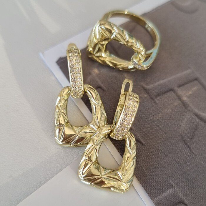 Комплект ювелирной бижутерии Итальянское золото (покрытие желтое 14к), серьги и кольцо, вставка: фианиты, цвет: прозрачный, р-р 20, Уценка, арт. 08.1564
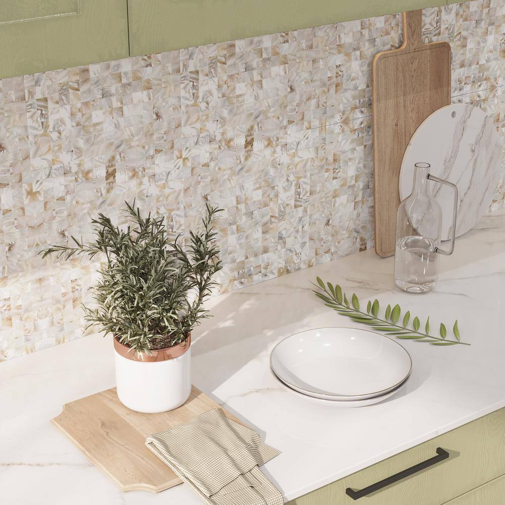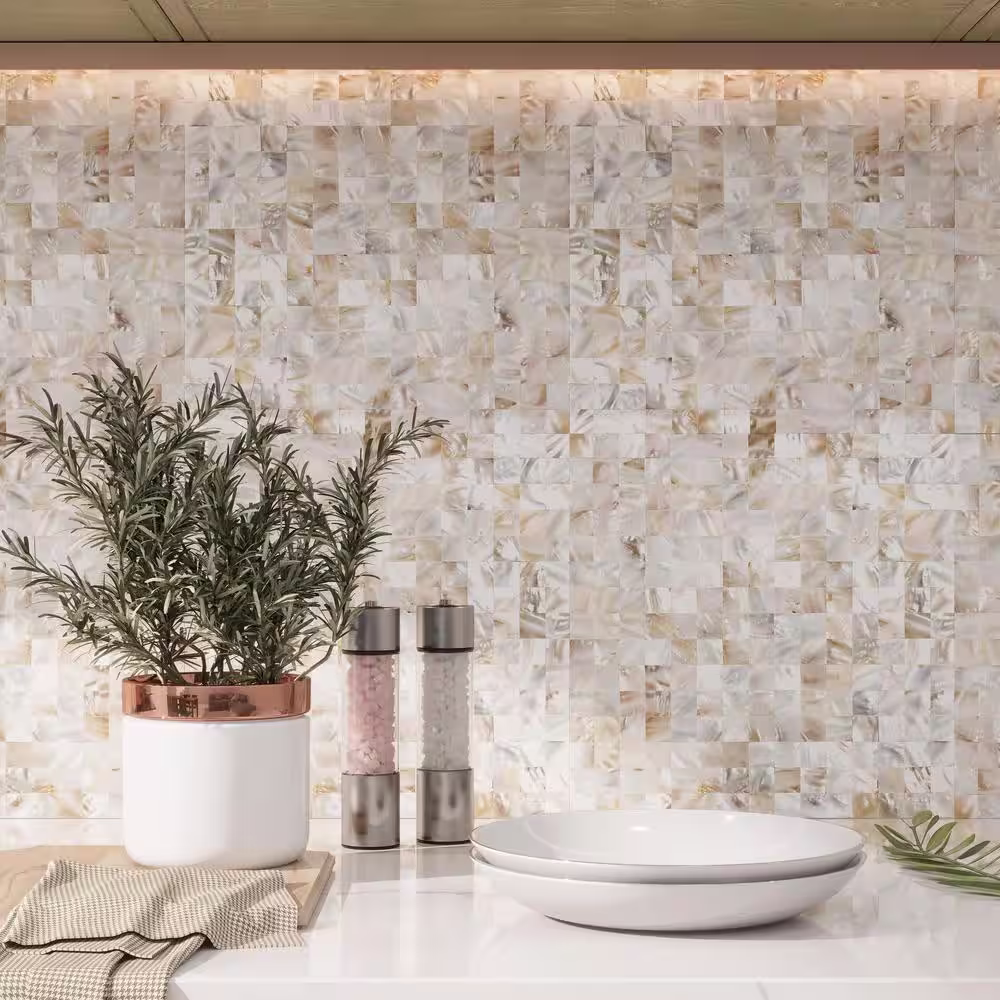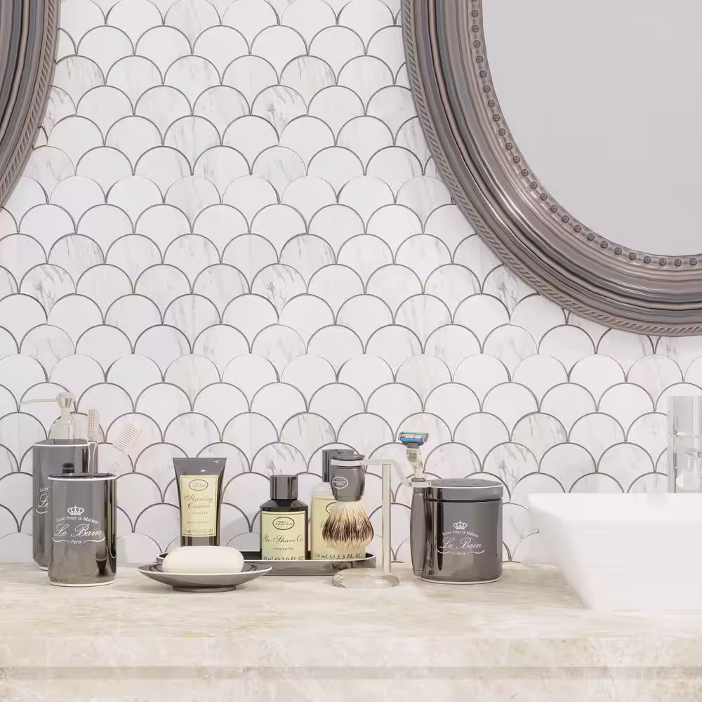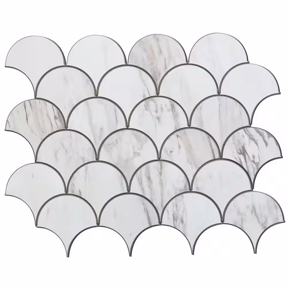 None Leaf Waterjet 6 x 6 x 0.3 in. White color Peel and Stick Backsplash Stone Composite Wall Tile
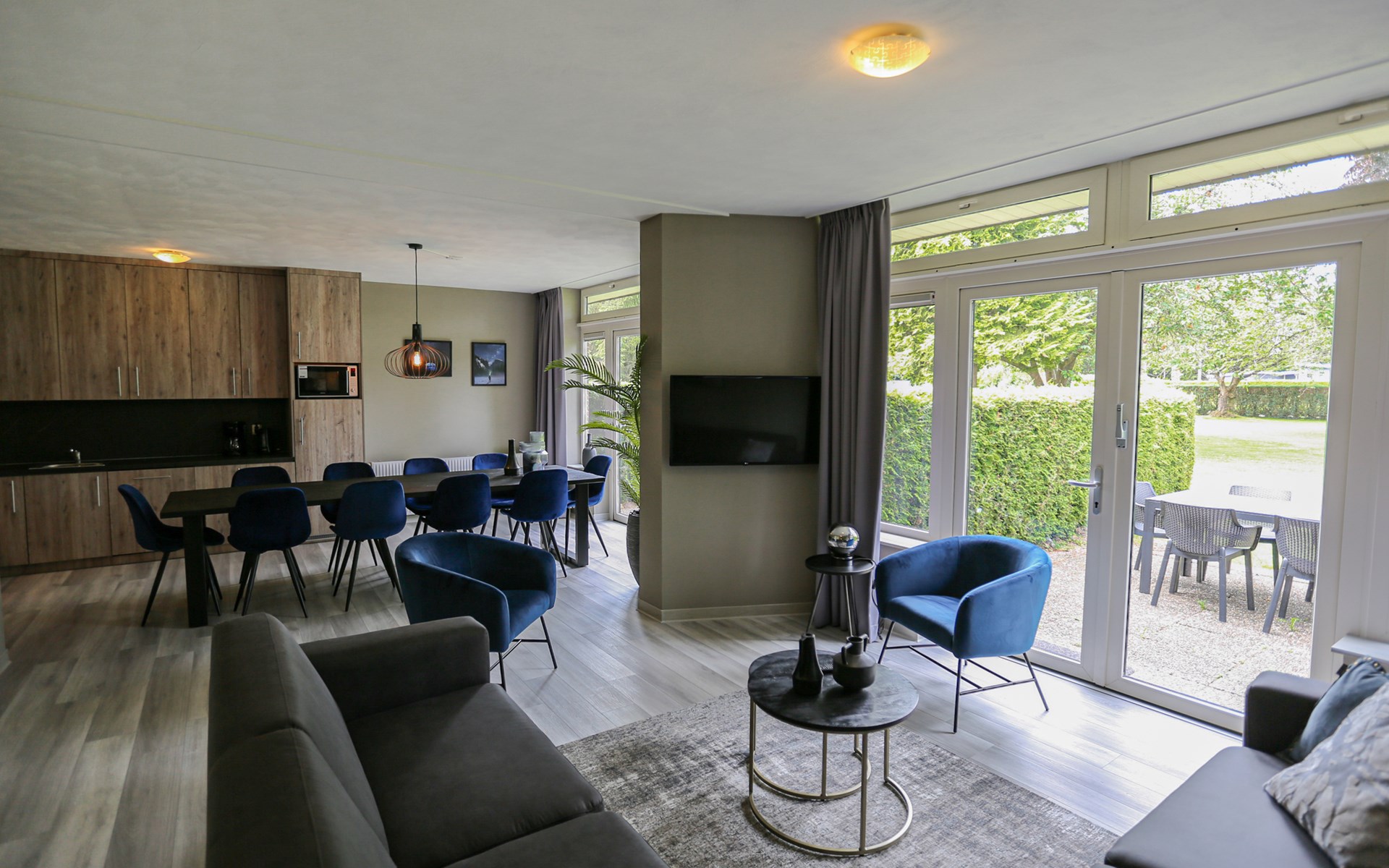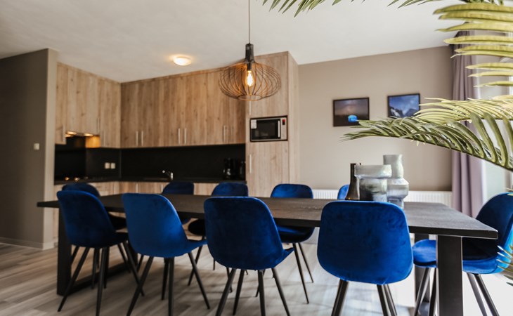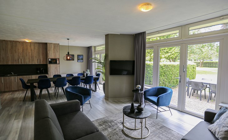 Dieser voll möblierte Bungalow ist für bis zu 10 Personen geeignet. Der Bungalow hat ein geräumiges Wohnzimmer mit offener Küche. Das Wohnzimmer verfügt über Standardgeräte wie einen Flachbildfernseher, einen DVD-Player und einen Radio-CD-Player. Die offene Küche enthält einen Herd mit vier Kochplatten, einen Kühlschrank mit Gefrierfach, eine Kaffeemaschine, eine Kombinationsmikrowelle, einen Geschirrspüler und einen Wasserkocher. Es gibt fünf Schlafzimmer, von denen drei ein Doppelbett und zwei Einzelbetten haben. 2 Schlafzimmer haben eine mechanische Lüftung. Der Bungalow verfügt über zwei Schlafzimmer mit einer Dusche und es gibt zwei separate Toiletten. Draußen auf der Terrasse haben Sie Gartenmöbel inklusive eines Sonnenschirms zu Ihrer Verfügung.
* * *
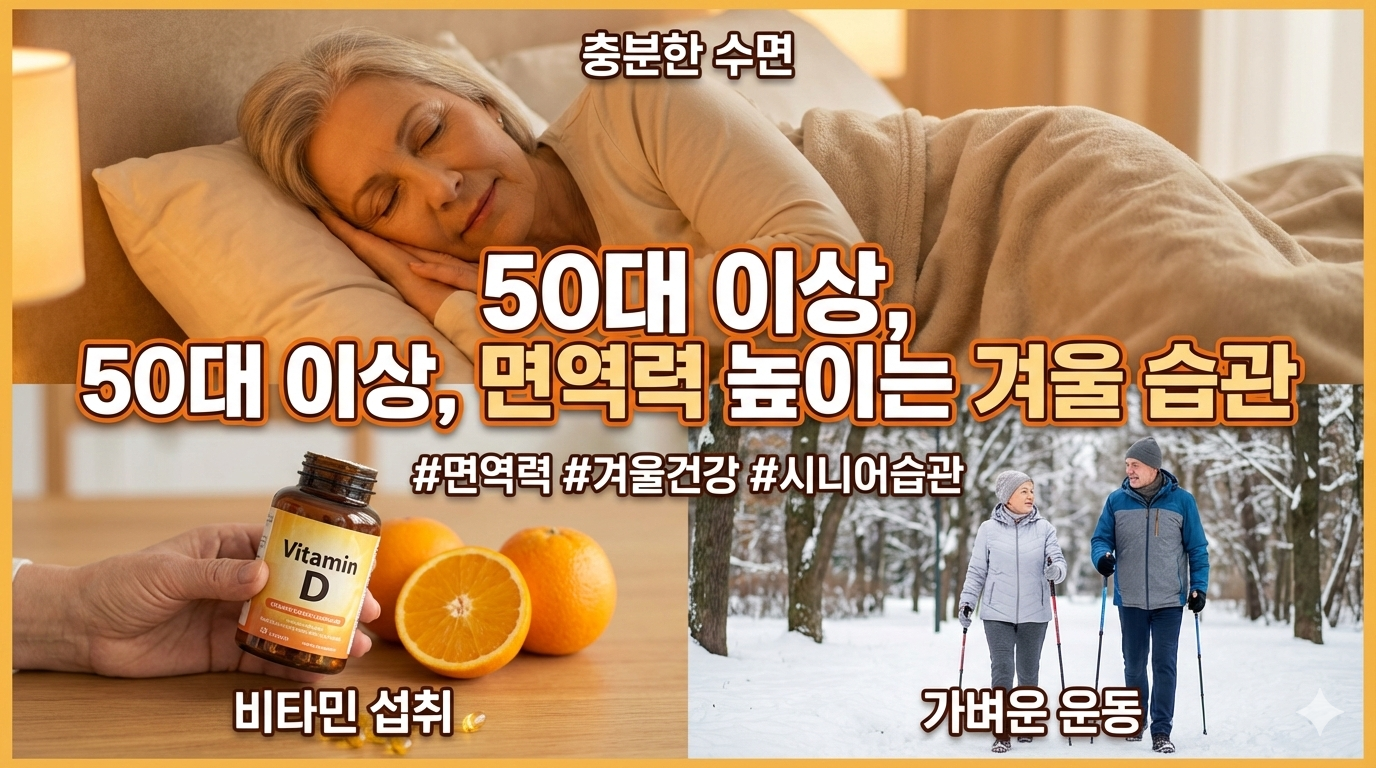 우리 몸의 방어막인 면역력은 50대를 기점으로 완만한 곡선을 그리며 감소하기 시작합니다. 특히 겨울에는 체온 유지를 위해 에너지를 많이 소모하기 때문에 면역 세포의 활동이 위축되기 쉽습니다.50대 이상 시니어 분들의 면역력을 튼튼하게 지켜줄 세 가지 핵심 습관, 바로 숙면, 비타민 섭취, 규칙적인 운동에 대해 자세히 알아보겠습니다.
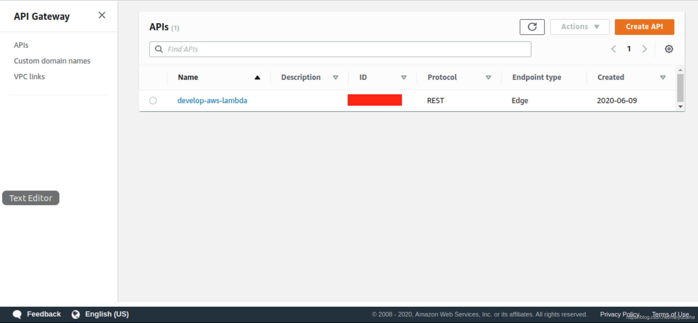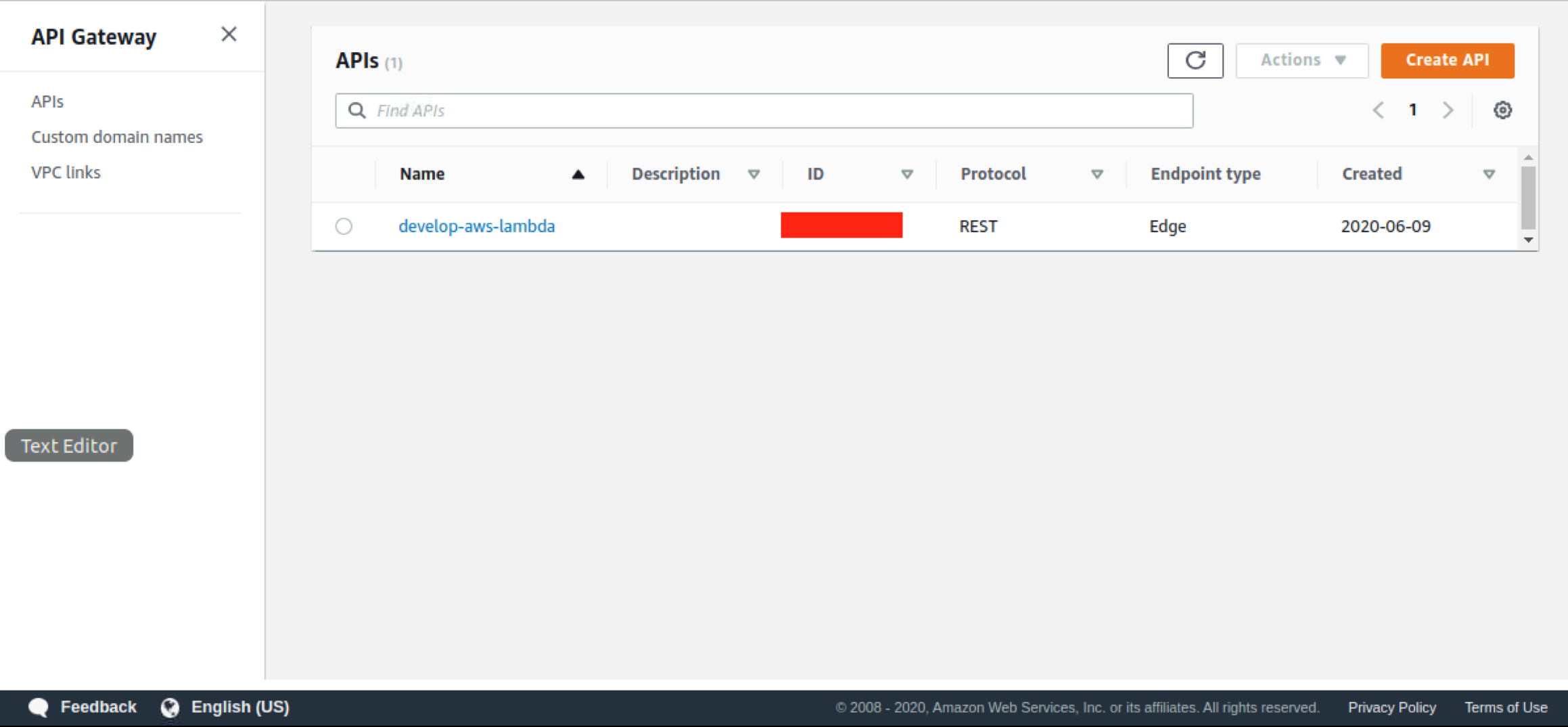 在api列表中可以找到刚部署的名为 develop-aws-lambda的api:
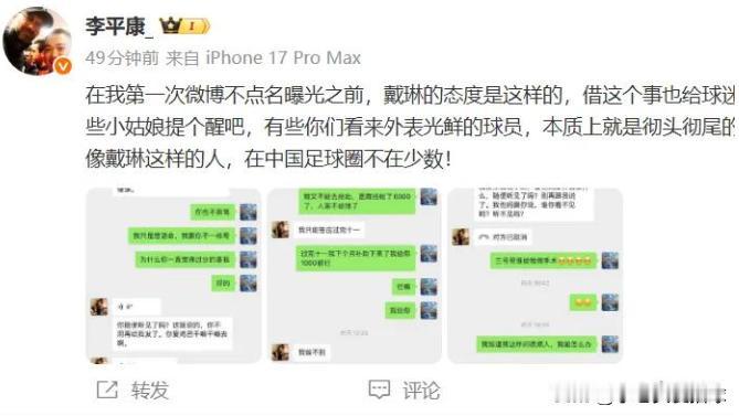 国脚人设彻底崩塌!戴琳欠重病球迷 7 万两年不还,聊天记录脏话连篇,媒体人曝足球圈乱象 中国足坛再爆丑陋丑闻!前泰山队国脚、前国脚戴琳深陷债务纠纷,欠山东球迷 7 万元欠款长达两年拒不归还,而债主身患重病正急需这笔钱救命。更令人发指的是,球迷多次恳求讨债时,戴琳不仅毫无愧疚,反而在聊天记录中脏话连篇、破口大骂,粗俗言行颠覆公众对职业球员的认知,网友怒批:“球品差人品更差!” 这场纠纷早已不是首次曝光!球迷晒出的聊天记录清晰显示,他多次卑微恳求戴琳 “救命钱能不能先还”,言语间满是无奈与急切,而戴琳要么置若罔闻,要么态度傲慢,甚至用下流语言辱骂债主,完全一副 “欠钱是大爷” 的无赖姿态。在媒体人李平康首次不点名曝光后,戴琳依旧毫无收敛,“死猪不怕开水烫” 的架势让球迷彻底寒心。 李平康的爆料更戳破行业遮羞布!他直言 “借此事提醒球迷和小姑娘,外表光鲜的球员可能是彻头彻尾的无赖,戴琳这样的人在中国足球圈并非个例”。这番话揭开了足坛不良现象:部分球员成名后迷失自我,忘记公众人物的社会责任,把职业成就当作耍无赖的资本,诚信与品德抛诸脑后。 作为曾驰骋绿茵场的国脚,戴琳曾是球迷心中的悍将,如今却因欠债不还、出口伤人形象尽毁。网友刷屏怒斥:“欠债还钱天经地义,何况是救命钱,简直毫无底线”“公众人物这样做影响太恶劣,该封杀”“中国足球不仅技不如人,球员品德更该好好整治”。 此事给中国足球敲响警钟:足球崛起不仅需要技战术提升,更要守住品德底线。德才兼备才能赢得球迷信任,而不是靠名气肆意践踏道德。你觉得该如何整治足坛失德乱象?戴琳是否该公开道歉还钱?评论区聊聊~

WHAT THE TASK REQUIRES:
Your reply should consist solely of the lines above from the line containing "Комплект ювелирной бижутерии" up to and including the line containing "None Leaf Waterjet", reproduced exactly, minus the pictures.

WRITTEN RESPONSE:
 Комплект ювелирной бижутерии Итальянское золото (покрытие желтое 14к), серьги и кольцо, вставка: фианиты, цвет: прозрачный, р-р 20, Уценка, арт. 08.1564
 None Leaf Waterjet 6 x 6 x 0.3 in. White color Peel and Stick Backsplash Stone Composite Wall Tile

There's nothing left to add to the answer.